Man lässt die "Wiener Zeitung" sterben, absichtlich, weil sie keine aufmerksamkeitsheischende Clickfarm ist. Keine Presseförderung. Sieht
man sich an, was sonst so gefördert wird, kommt einem das kalte Grausen. 420.000 Euro an KroneHit, zwei Millionen an den TV-Sender oe24,
einskommavier Millionen an ATV. Lauter Medien, die jeden Bildungsauftrag nicht nur konsequent nicht erfüllen, sondern auch noch der
Verblödung Vorschub leisten. Und Zeitungen? Die bekommen zig Millionen von diversen Ministerien und Parteien. Die "Wiener Zeitung" nicht,
das spricht für sie.

Sind Österreichs Medien unabhängig? Es scheint, als wäre gerade bei florierenden Zeitungen ihr pekuniärer Erfolg ein Beweis ihrer
Abgängigkeit. Die Flüssigen sind deshalb keineswegs überflüssig, aber doch hat man den Eindruck, die Stumpfsinn verbreitenden Medien, die
zum Beispiel unter der Rubrik Gesellschaft das subsumieren, was selfiesüchtige Kunstfiguren von sich geben, verbreiten sich wie invasive
Neophyten, während alles, was Substanz hat, konsequent vernichtet wird.
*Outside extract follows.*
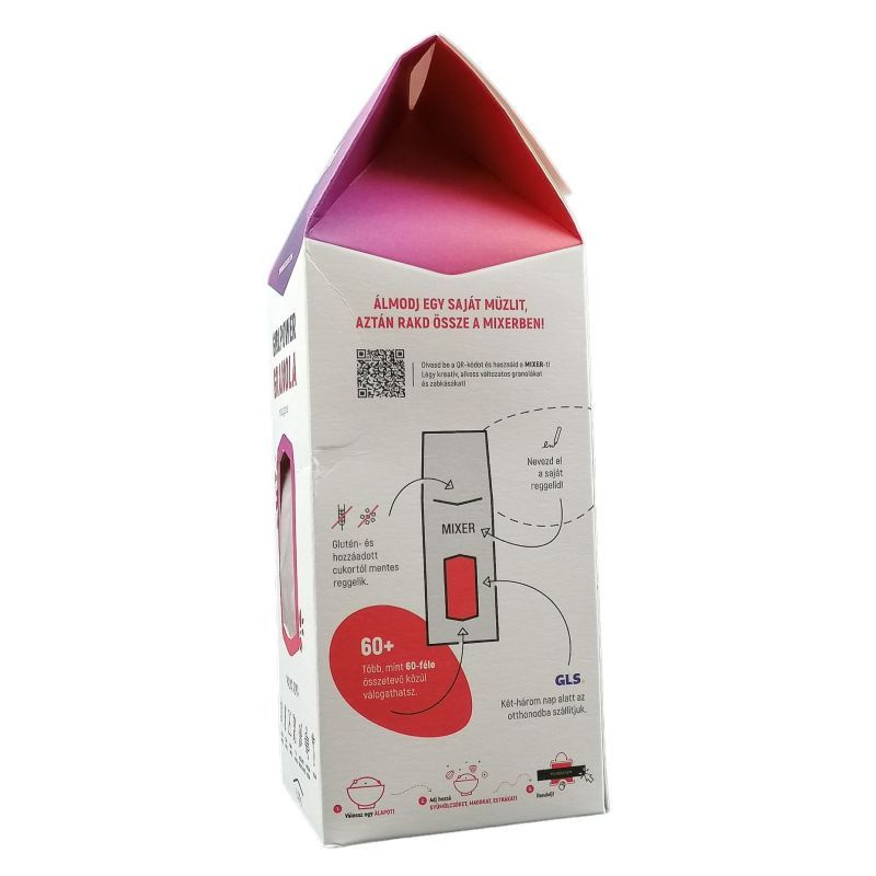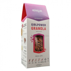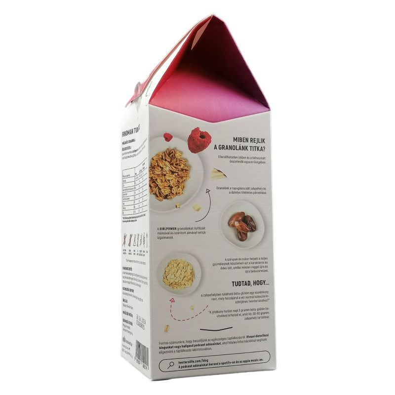 A Hester’s Life dietetikusa gluténmentes zabból, hozzáadott cukor nélkül, természetes alapanyagokból gondolta újra a granola fogalmát. A girlpower granolát üde málna és ropogós almakockák teszik elképesztően finommá, íze egyszerre fanyar és édes. Glutén-, szója-, tej-, színezékmentes. A termék vegán étrendbe beilleszthető. Élelmi rostban gazdag!

Die Medienlandschaft in Österreich war immer schon eine mit Scherben und Glassplittern übersäte Gstätten, aber durch die elektronischen
Medien wird nun vieles unnachvollziehbar Anrüchige nachvollziehbar und bruchstückhaft öffentlich. Wenn man dann irgendwann den durch
Verhaberung kompromittierten Medien nicht mehr trauen kann, führt das unweigerlich zu Chaos und Verschwörungstheorien.

Seit es die sozialen Netzwerke gibt, gehen Differenzierung und Diskussionsbereitschaft verloren. Die apokalyptischen Reiter kommen nicht mit
Flammenschwertern und Pestleichen, sondern mit eigenen Meinungen, neben denen nichts geduldet wird. Alle wollen sich moralisch
überlegen fühlen: vegan, woke, Nichtraucher, divers, Suppen-auf-Kunst-Schütter, Impfgegner, Impfbefürworter... Und alle nehmen sich das
Recht, in dem sie sich zu sein glauben.

Da passt das von der Politik tolerierte Abmurksen der für Meinungspluralität stehenden "Wiener Zeitung" gut dazu. Aber muss das wirklich
sein? Sollen wir jede Verschlechterung akzeptieren? Nein, diesmal nicht, die "Wiener Zeitung" darf nicht sterben. Punkt.